Supply and Delivery Risks: "Extensive Testing" Conducted, Claims "Will Not Be Supply Constrained." Addressing potential system integration bottlenecks at the rack-level delivery stage, Lisa Su stated, "The development of both the MI450 series and the Helios rack is progressing very well... we have done extensive testing—both at the rack level and at the chip level." She also mentioned that "customers have given us a lot of things to test, so we can do a lot of testing in parallel." On the question of whether supply might constrain the second-half ramp, her response was more direct: "We have planning at every component level... relative to our data center AI ramp, I don't believe we will be supply constrained."
China MI308: "Not Forecasting More" After Q1; MI325 License "Submitted." When asked about the sustainability of China-related revenue, Lisa Su indicated that the Q4 MI308 sales "were actually from licenses approved following our work with the government," and that "those orders actually came in very early in 2025." Regarding assumptions beyond the first quarter, she stated plainly: "We expect about $100 million of revenue in Q1. We are not forecasting additional revenue from China beyond that because it's a very dynamic situation." She added, "We have submitted license applications for MI325."

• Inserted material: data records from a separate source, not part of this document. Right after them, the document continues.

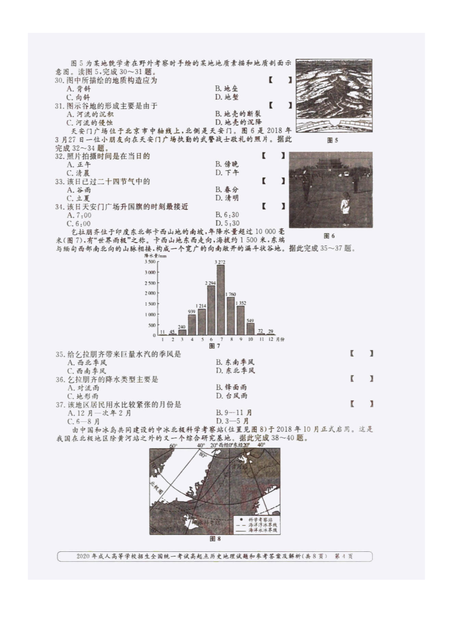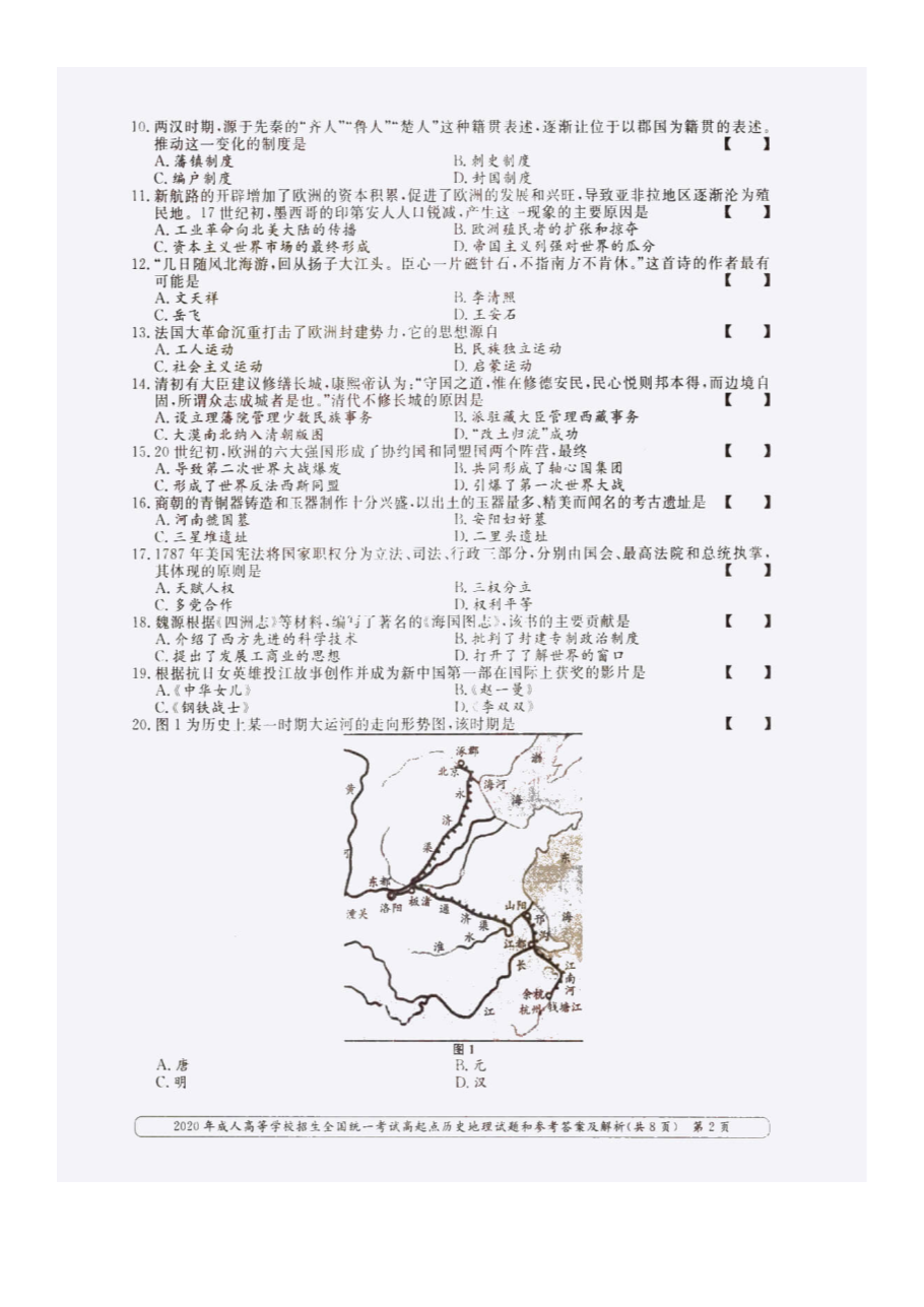 【文档名称】 2020年青海成人高考高起点历史地理(文综)真题及答案(图片版).doc
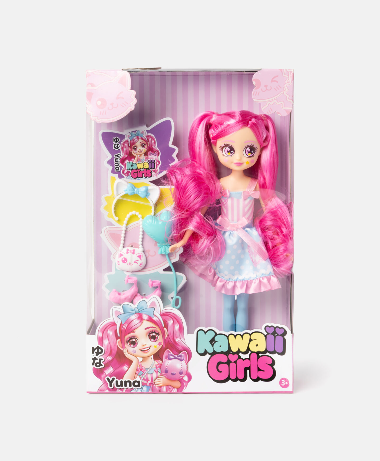 A boneca Kawaii Girls é perfeita para pequenas fãs de moda. O conjunto inclui uma boneca com um bonito vestido e acessórios adicionais como uma bandolete, mala, sapatos e balão, que estimulam a criatividade e a imaginação. As crianças podem vestir a boneca com diferentes combinações e criar os seus próprios cenários de brincadeira. Adequado para crianças a partir dos 3 anos.
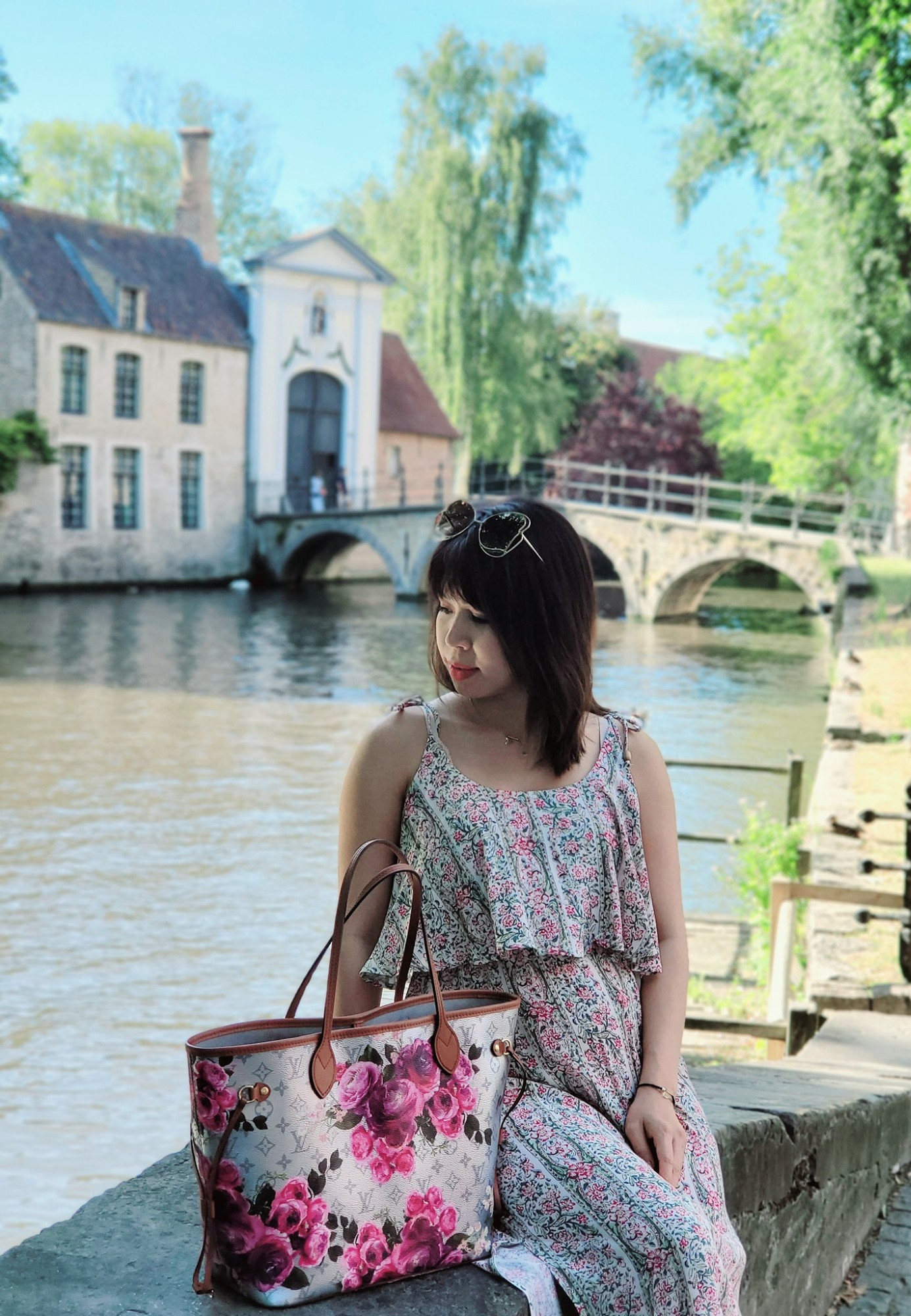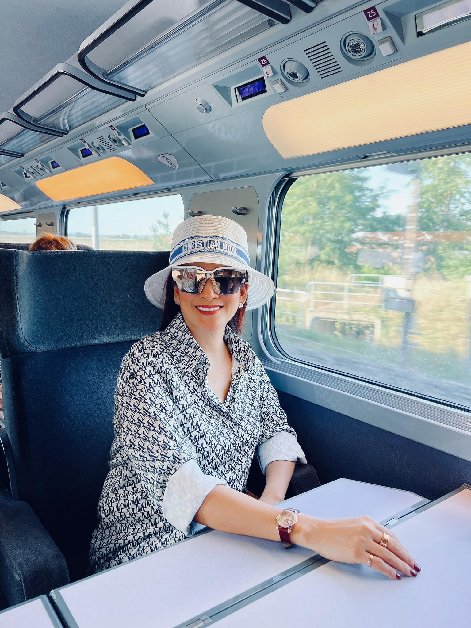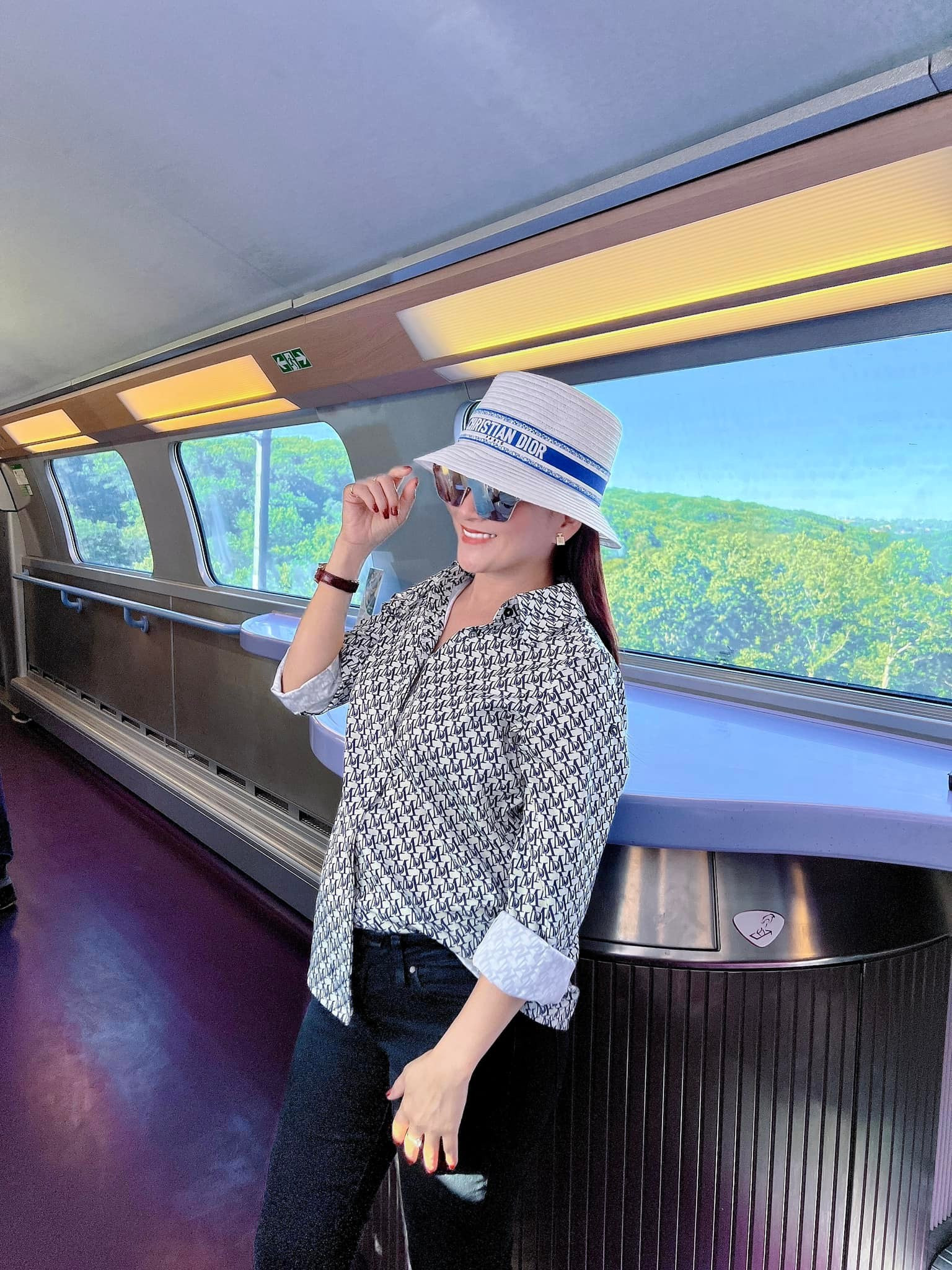 Cặp đôi di chuyển bằng tàu điện từ Pháp sang Thụy Sĩ. Bình Minh luôn chụp cho vợ những khoảnh khắc đẹp trong chuyến đi.
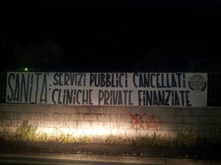 Protesta del movimento CasaPound Italia contro la decisione dell'amministrazione regionale abruzzese di aumentare di oltre 7 milioni di euro il budget per le cliniche sanitarie private accreditate, che sale così da 124 a 131,7 milioni di euro. In nottata numerosi striscioni e volantini sono stati affissi presso gli ospedali pubblici abruzzesi, tra cui quelli di Chieti e Lanciano, per protestare contro questo provvedimento, che giunge in un momento in cui il settore della sanità pubblica abruzzese è oggetto di forti tagli, con la decisione di chiudere i punti nascita di Sulmona, Ortona, Atri e Penne.

Expense Leverage and Investment Direction: 2026 OpEx Growth "Should Be Slower Than Revenue." Addressing rising expenses, Lisa Su expressed "very high conviction" in the company's roadmap but indicated that operating leverage should materialize in 2026: "We should absolutely see leverage... in our long-term model, OpEx growth should be slower than revenue growth, and we expect 2026 to be that way as well." The CFO added that 2025 investment priorities focused on the "data center AI hardware roadmap," "expansion of software capabilities," and the "acquisition of ZT Systems to add system-level solution capabilities." She noted that 2026 will see "continued aggressive investment" but "revenue growth is expected to outpace operating expense growth."
PC and Gaming: PC TAM Might See "Slight Decline"; Semi-Custom SoC to See "Significant Double-Digit Drop" in 2026. On the PC front, Lisa Su highlighted demand-side risks: "Based on everything we see today, we might see the PC TAM down slightly... given some inflationary pressures on commodity pricing, including memory." She stated the company's modeling for the full-year cadence is "second half slightly below seasonality relative to the first half." However, she simultaneously emphasized the market share narrative: "Even in a declining PC market, we believe we can grow our PC business... the focus is on the enterprise and continuing to grow in the higher-end, higher-price bands." Regarding the gaming segment, management expects the semi-custom business to be in the later stages of its cycle: the company stated that full-year 2026 semi-custom SoC revenue will "decrease by a significant double-digit percentage."